According to standard ACMG guidelines for BS4: "Lack of segregation in affected members of a family.". There is no segregation data. Therefore, BS4 is not applied.

BP1

BP1 (Supporting)

According to standard ACMG guidelines for BP1: "Missense variant in a gene for which primarily truncating variants cause disease.". The evidence shows ATM disease mechanism is loss of function and this is a missense change.

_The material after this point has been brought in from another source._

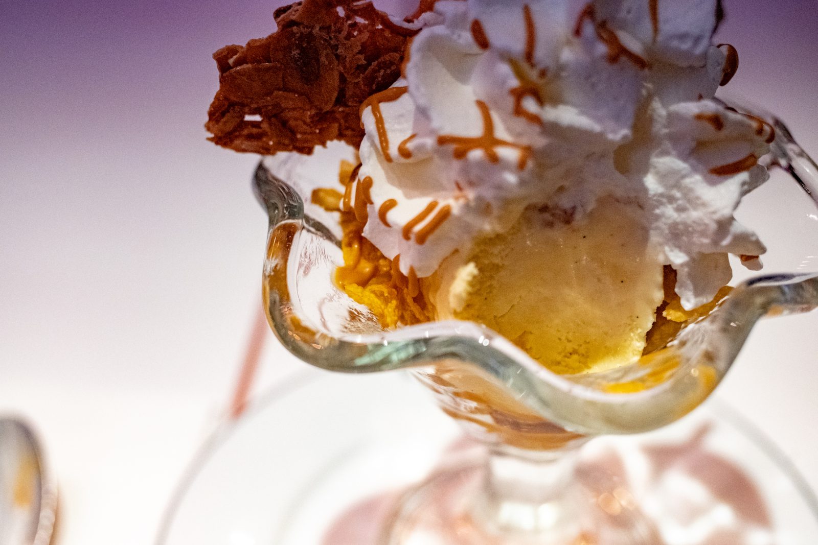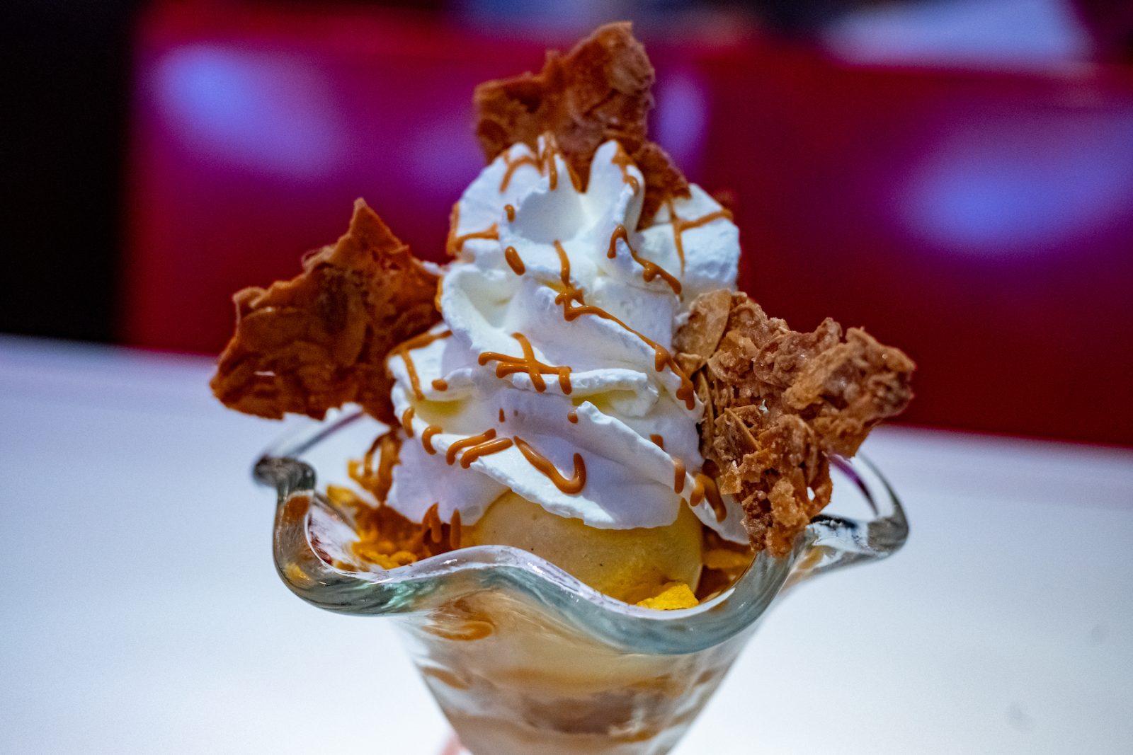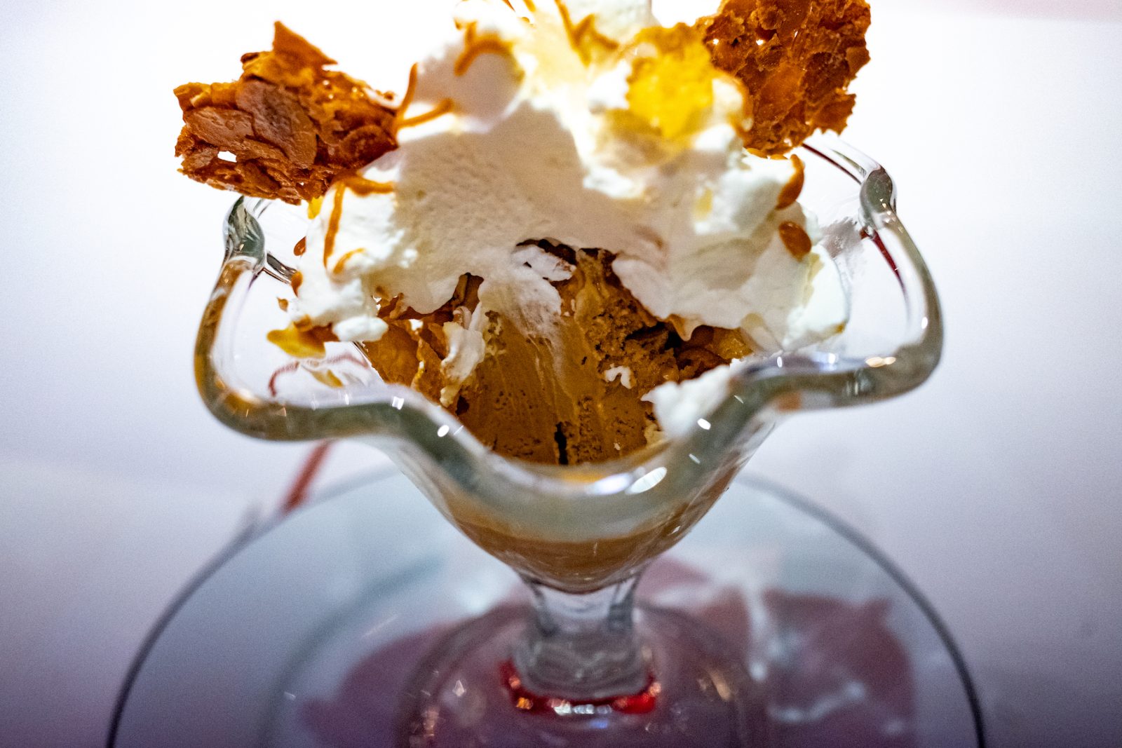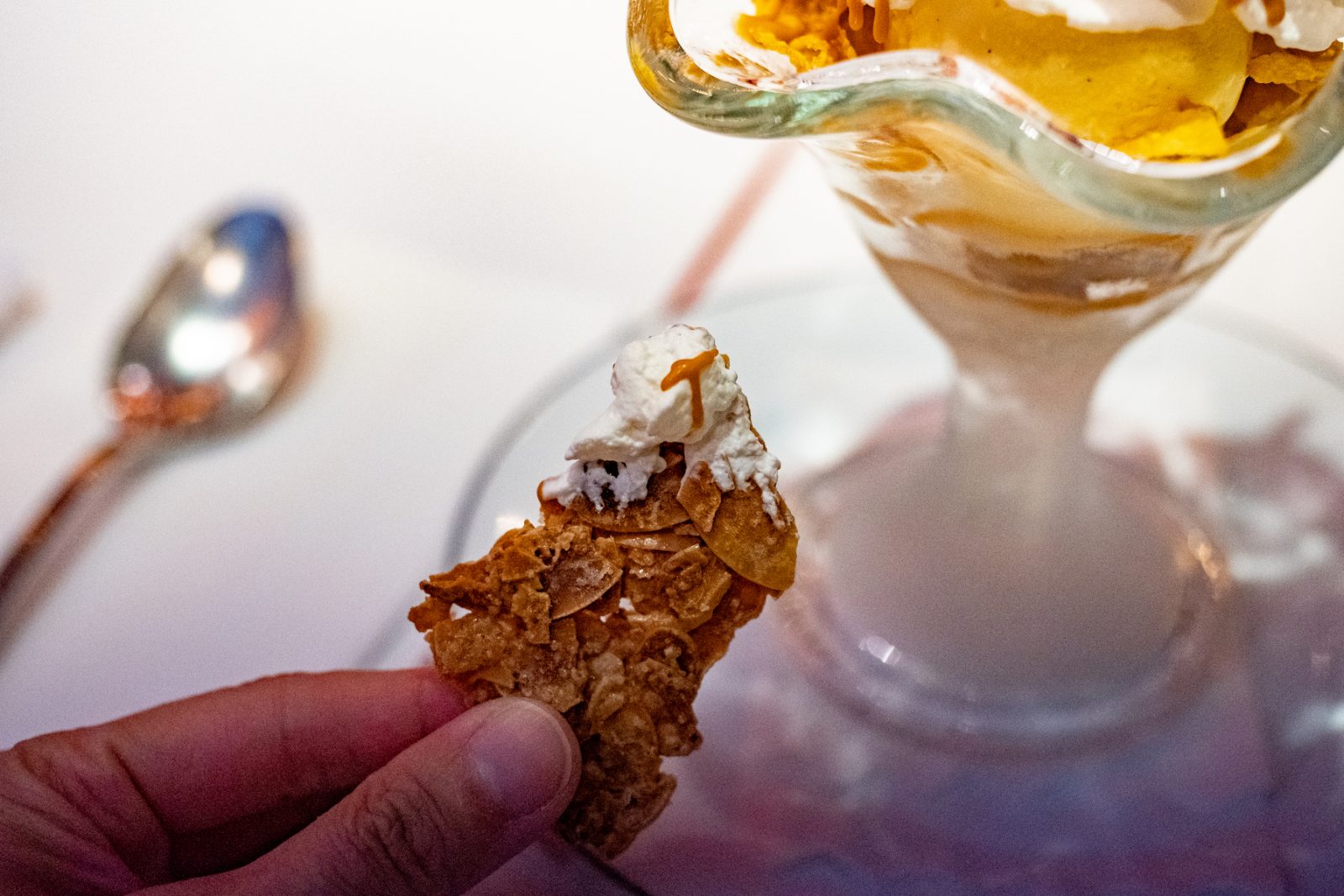 生クリームの山が倒れないようにバニラアイスを食べ終えると、今度はキャラメルのアイスクリームが待ち構えています。ほろっと苦いアイスクリーム。生クリーム2:アイス1:コーンフレーク0.2。コーンフレークが愛しすぎて、キャラメルのアイスを食べる頃には、その割合を減らさなければいけなくなった。
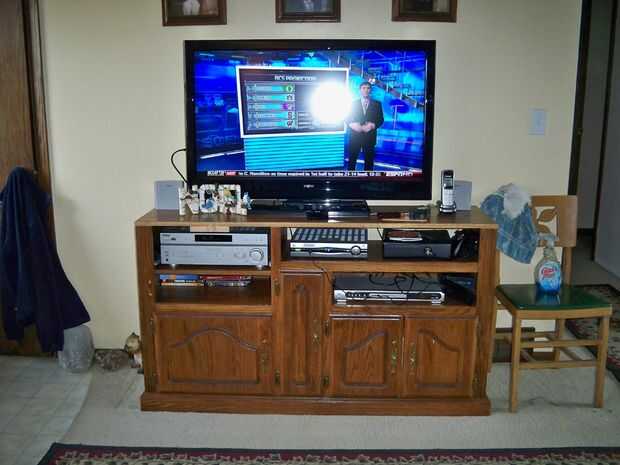 Pegamento y lugar manto, use el mazo otra vez si las clavijas encajan firmemente en los orificios que ha perforado. Añadir un peso pesado en la parte superior hasta que el pegamento se seque para asegurar una buena adherencia. Allí puede poner su tv, pesa un montón.

Therefore, BP1 is applied at Supporting strength.

BP2

BP2 (Not Applied)

According to VCEP guidelines for BP2: "Supporting Strength: Use ATM PM3/BP2 table.". No evidence of this variant being observed in trans with a pathogenic variant. Therefore, BP2 is not applied.

BP3

BP3 (Not Applied)

According to standard ACMG guidelines for BP3: "In-frame deletions/insertions in repetitive region without a known function.". This is a missense variant, not an in-frame indel. Therefore, BP3 is not applied.

BP4

BP4 (Supporting)

According to VCEP guidelines for BP4: "Supporting Strength: Protein Analysis: REVEL score ≤.249; RNA: at least one well-established in silico predictor shows impact on splicing.". The evidence shows REVEL score 0.18 (≤.249) and SpliceAI score 0.02 indicating no splicing impact. Therefore, BP4 is applied at Supporting strength.

BP5

BP5 (Not Applied)

According to standard ACMG guidelines for BP5: "Variant found in trans with a pathogenic variant for a fully penetrant dominant disorder.". No such data are available. Therefore, BP5 is not applied.

BP6

BP6 (Not Applied)

According to standard ACMG guidelines for BP6: "Reputable source reports variant as benign.". No reputable source classifies this as benign. Therefore, BP6 is not applied.

BP7

BP7 (Not Applied)

According to standard ACMG guidelines for BP7: "Synonymous variant for which splicing prediction algorithms predict no impact on splicing.". This is a missense variant. Therefore, BP7 is not applied.